Stan Reents, PharmD, is a certified personal trainer, a certified USTA tennis coach and a former health care professional. He is the author of Sport and Exercise Pharmacology and the creator of www.AthleteInMe.com. Reents can be reached at editor@athleteinme.com.

It is widely known that Baby Boomers fueled the growth in health clubs in the 1980s, and it appears that they are coming back. In 1993, there were roughly 1.3 million health club members who were 55 and older. In 2004, that number increased to 10.2 million. In 2005, nearly 20 percent of health club members were 55 or older, according to the International Health, Racquet and Sportsclub Association.

Baby Boomers are people born after the end of World War II between 1946 and 1964. There are nearly 80 million Baby Boomers in the U.S. today. The oldest members of this group are now nearing retirement.

Boomers are an important group in the health and fitness industry, not only because of their numbers but also because they are highly motivated. This personality trait shows up in their drive to exercise, stay healthy and compete.

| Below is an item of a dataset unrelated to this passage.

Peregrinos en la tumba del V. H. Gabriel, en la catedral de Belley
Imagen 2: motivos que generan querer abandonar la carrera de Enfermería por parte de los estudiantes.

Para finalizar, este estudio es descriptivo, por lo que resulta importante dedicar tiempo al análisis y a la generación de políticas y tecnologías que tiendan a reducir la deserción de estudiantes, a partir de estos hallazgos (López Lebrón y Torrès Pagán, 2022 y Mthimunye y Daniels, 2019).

To understand how much Baby Boomers still love to compete, pick up a copy of Masters Athlete magazine. Several sports journalists in the Chicago area launched this magazine and the accompanying Web site www.GeezerJock.com in October 2004. They decided to focus on people 40 and older who still enjoy competing. Every issue profiles older athletes -- some are in their 90s -- who do amazing things.

But, of course, this competitive drive comes at a price: injuries. In fact, it’s so common that a new term has been invented to describe the injuries these older athletes suffer: “boomeritis.”

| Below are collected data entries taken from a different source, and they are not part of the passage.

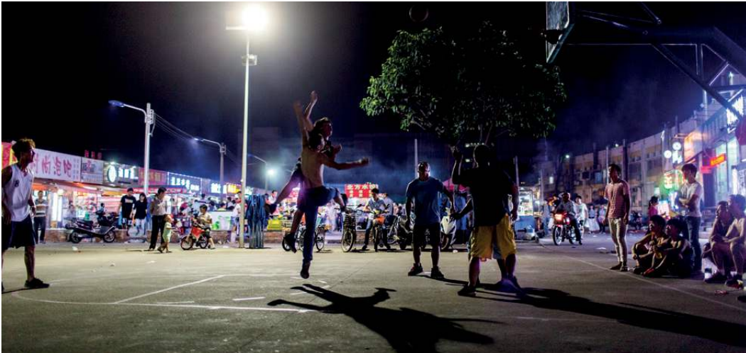
Täglich treffen sich ab 8 Uhr abends junge Männer für ein Basketball-Match außerhalb des Wistron-Geländes.

rechte im gesamten Beschaffungsprozess berücksichtigen müssen, angefangen von der Festlegung gesetzlicher Regeln und Grundsätze für die Beschaffung über Planung, Risikobewertung und Ausschreibung bis hin zu Monitoring und Überprüfung“.
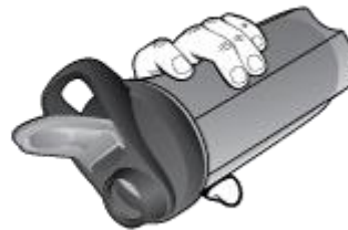
Ready to drink
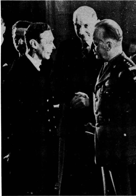
Genl Sikorski — Poolse Eerste Minister van die Poolse regering in bannelingskap en opperbevelvoerder van die Poolse magte gedurende die Tweede Wêreldoorlog, in gesprek met die Britse koning George VI.

Stalin was nie tevrede om net betrekkinge met Pole te verbreek nie. Hy het begin aandring op veranderinge in die struktuur van die Poolse regering in bannelingskap. Hy het gemeen dat die regeringsopset, soos dit toe daar uitgesien het, nie verteenwoordigend van die Poolse volk was nie. Sekere sogenaamde 'demokratiese organisasies' in die Verenigde State van Amerika, Sowjet-Rusland en Brittanje was, na sy mening, nie verteenwoordigend daarin nie. 10 Hy het ook die regering as 'n 'émigré Polish Government, isolated from its people' beskou en hulle verwytdat hulle nie opgewasse was om aktiewe weerstand teen die Duitsers in Pole te kon organiseer of om betrekkinge met Rusland te herstel nie. 11
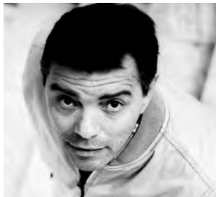
Γράφει ο Σπύρος Παπαστεφάνου
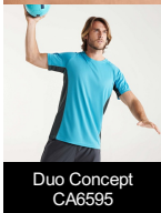
Duo Concept CA6595
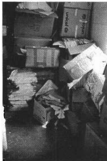
Expedientes desordenados de pacientes en hospitales. El personal de atención médica no tiene conocimiento de los tratamientos anteriores, los pacientes no reciben el tratamiento médico necesario, los análisis médicos se tienen que repetir.

[Dictionnaire de terminologie archivistique, Munich; New York; Londres; París; Saur: 1984 (Consejo Internacional de Archivos; handbooks series; Vol. 3)]

As an employee or owner of a fitness club, why should you care? Because Boomers are very motivated to exercise for health reasons. They don’t want to end up sitting in a wheelchair when they hit 70, or suffer a stroke or heart attack.

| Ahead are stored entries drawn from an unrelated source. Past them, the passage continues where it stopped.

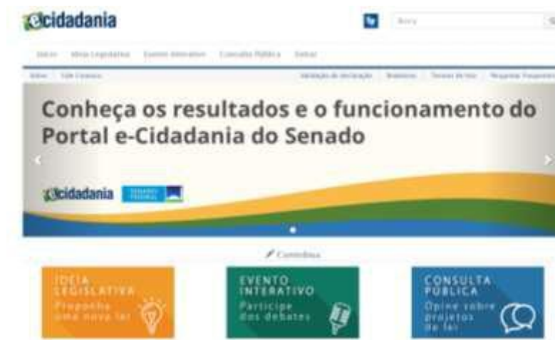
FIGURA 1 – PORTAL E-CIDADANIA DO SENADO FEDERAL
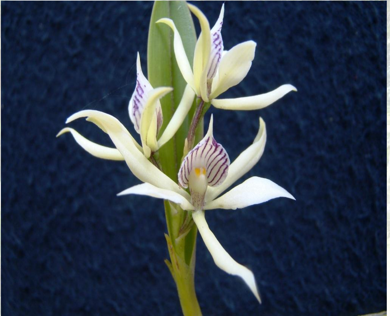
Nombre: Protechea fragrans (Sw.) W.E. Higgins Procedencia: Montañas de Zamora. Altitud: 500 – 1000 msnm. Colección del JBRE, 2160 msnm.
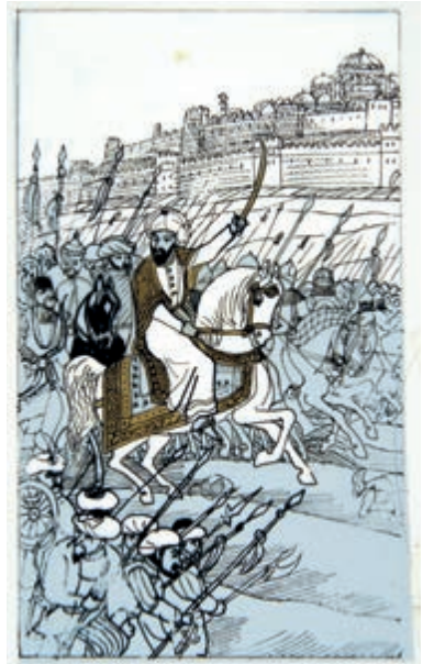
355. J. Wilkoń. Czarny anioł. Ok. 1978.
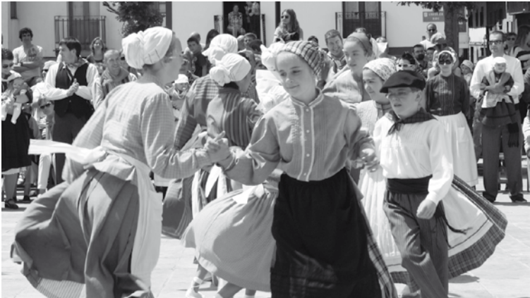
Euskal dantzak, iaz, Ferixa Nagusiko jaietan. | IMANOL SORIANO
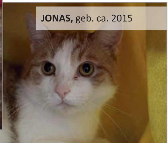
JONAS, geb. ca. 2015
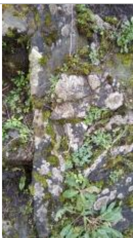
2025_Photo du repère

Altitude calculée de l'eau (en m) : 7.36 m
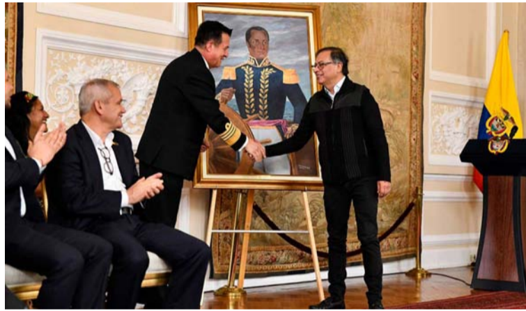
Mediante Ley sancionada por Petro se asciende de manera póstuma a Padilla al grado de Gran Almirante de la Nación.

El jefe de Estado contó que el Almirante Padilla, luego de haber comenzado su vida en el mar al servicio de la Marina Española
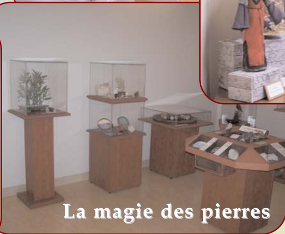
La magie des pierres
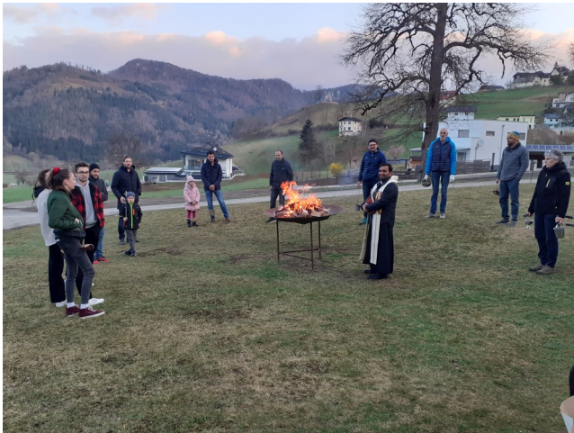
Osterfeierlichkeiten in St. Walburgen
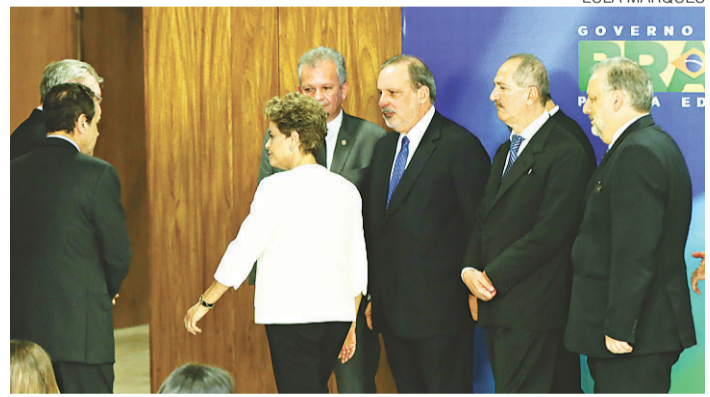
Presidente Dilma passa por ministros após seu pronunciamento

Ela rechaçou a possibilidade levantada pela im-
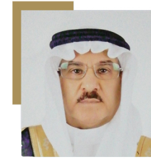
معالي أ.د. فهاد بن معنات الحميد
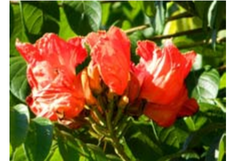
Spathodea campanulata tulipán africano
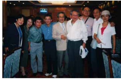
Social part での諸話題の交流

Academic part の実り多い日中の分子病理学の研究者間の交流の他、Social part での諸話題の交流も意義あるものであった。
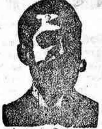
An golo Costanzi Bip. 435, Barcelona
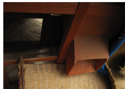
▲反対側にはほぼ完璧に籾殻が取れた雑穀が 仕訳されて出てくる
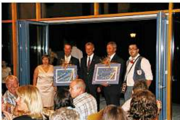
Ehrung durch Landrat Jürgen Bäuerle
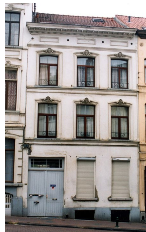
Enfilade néoclassique de la rue de l'Eglise de Saint-Gilles Façade à rue du n°53

La demande porte sur le réaménagement et l'agrandissement du duplex des 3 e et 4 e étages de la maison avec une importante surhausse de la toiture. Pour mémoire, un permis a déjà été délivré pour un premier projet de réaménagement du duplex avec une augmentation du volume de la toiture mais uniquement du côté arrière. Ce premier projet n'a pas été réalisé.
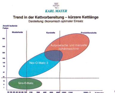
Abb. 5: Platzierung der Nov-O-Matic 2 am Markt

Mit ihrem Arbeitsprofil füllt die effiziente Hightech-Maschine die weissen Flecken in der Anwendungstopografie zwischen den Modellen der konventionellen Schärmaschinen und den Musterkettenschärmaschinen der Giro-O-Matic-Baureihe aus. Insbesondere bei der Fertigung von Webketten mit kürzeren Längen und geringeren Bandbreiten entfaltet der Newcomer seine volle Effizienz. Die Formatänderungen nach unten machen den Einsatz dieser Musterkettenschärmaschine und nach oben jenen der konventionellen Sektionsschärmaschine zunehmend interessanter (Abb. 5).
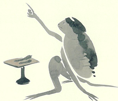
山口蓬春《河伯》 昭和時代 部分
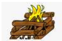
Praznik dela 1. in 2. maj
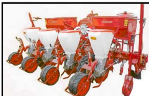
شکل ۱- نمایی از ردیف‌کار استفاده شده در آزمایش
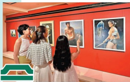
◆ 觀眾正在欣賞林伊琦的畫作。

「志於道，據於德，依於仁，遊於藝」，是儒家培育「全人」的核心價值。對藝術家而言，「遊於藝」是一種怎樣的創作狀態呢？一新美術館近日起同時舉行《黃美莉喜色》及《林伊琦悅色》兩個展覽，分別展出香港女陶藝家黃美莉85件陶藝創作，和畫家林伊琦30幅油彩作品。兩位藝術家多年來「遊於藝」，一位前往不同地方名窯學習燒製技法，一位遊遍歐洲著名博物館，以大師作品為師，最終去蕪存菁，創出令人心醉的「喜色」和「悅色」。
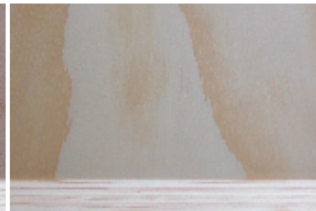
Sperrholz Tanne geschält roh Kern Weissstanne Schweizer Holz und Produktion FSC zertifiziert
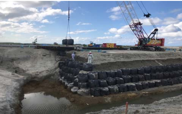
■余水吐大型土のう設置(国施工)
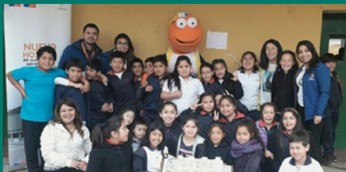
Escuela Gral. Velásquez de Puchuncaví
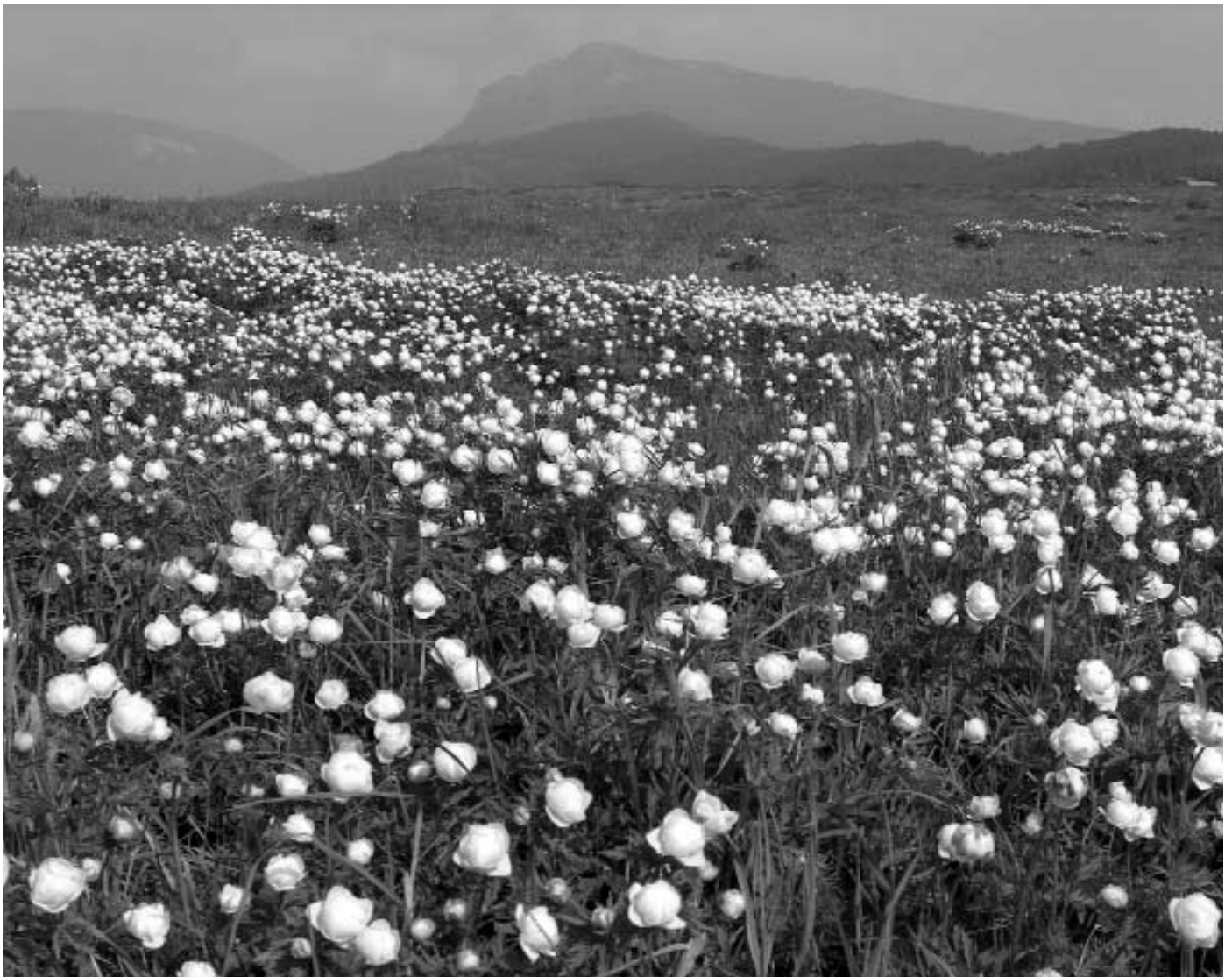
Distesa di ranuncoli e Pizzo di Levico in lontananza

An lestn, (albar un sbâm), hãmssa khöt: asta di laiüt gedenkhan bas dar en hat getânt Gott dar Hear, ben sa hãmnen vort getragt an öpfl, bas mai magatnsen in- paitn disa botta.

To attract individuals from this lucrative market to your club, consider the following six ideas:

1. Feed that competitive drive. Boomers are competitive, so consider programs like spinning classes and kickboxing. Create some type of recordkeeping that displays the performance of these members. For example, set a goal of 1,000 miles for members of a spinning class, and update it every week. For the less competitive, simply keep track of how regularly they exercise and if they are meeting the latest American College of Sports Medicine guidelines.

2. Offer training and conditioning advice. Because many Boomers might be preparing for an upcoming event, find trainers and coaches to give free talks on training and conditioning. Coordinate a membership drive with these talks.

3. Make sure you have ample cardio machines. Aerobic exercise is critical for warding off many chronic diseases, such as hypertension, diabetes, heart disease and stroke. Boomers know this.

4. Provide health checks. Find health care professionals in your community who can provide health talks at your club. If you can partner with a local hospital or clinic, offer blood pressure and cholesterol screenings periodically.

5. Establish flexible membership plans. Many Boomers have an “I can do it myself” attitude. Because it’s likely that many of them will have joined gyms in the past, they’ll appreciate the more options and choices you give them. Let them describe what kind of membership program they want.

6. Promote your personal training services. Personal training for Boomers is a good strategy. Boomers appreciate the special attention, and a knowledgeable trainer can help a Boomer from overdoing it.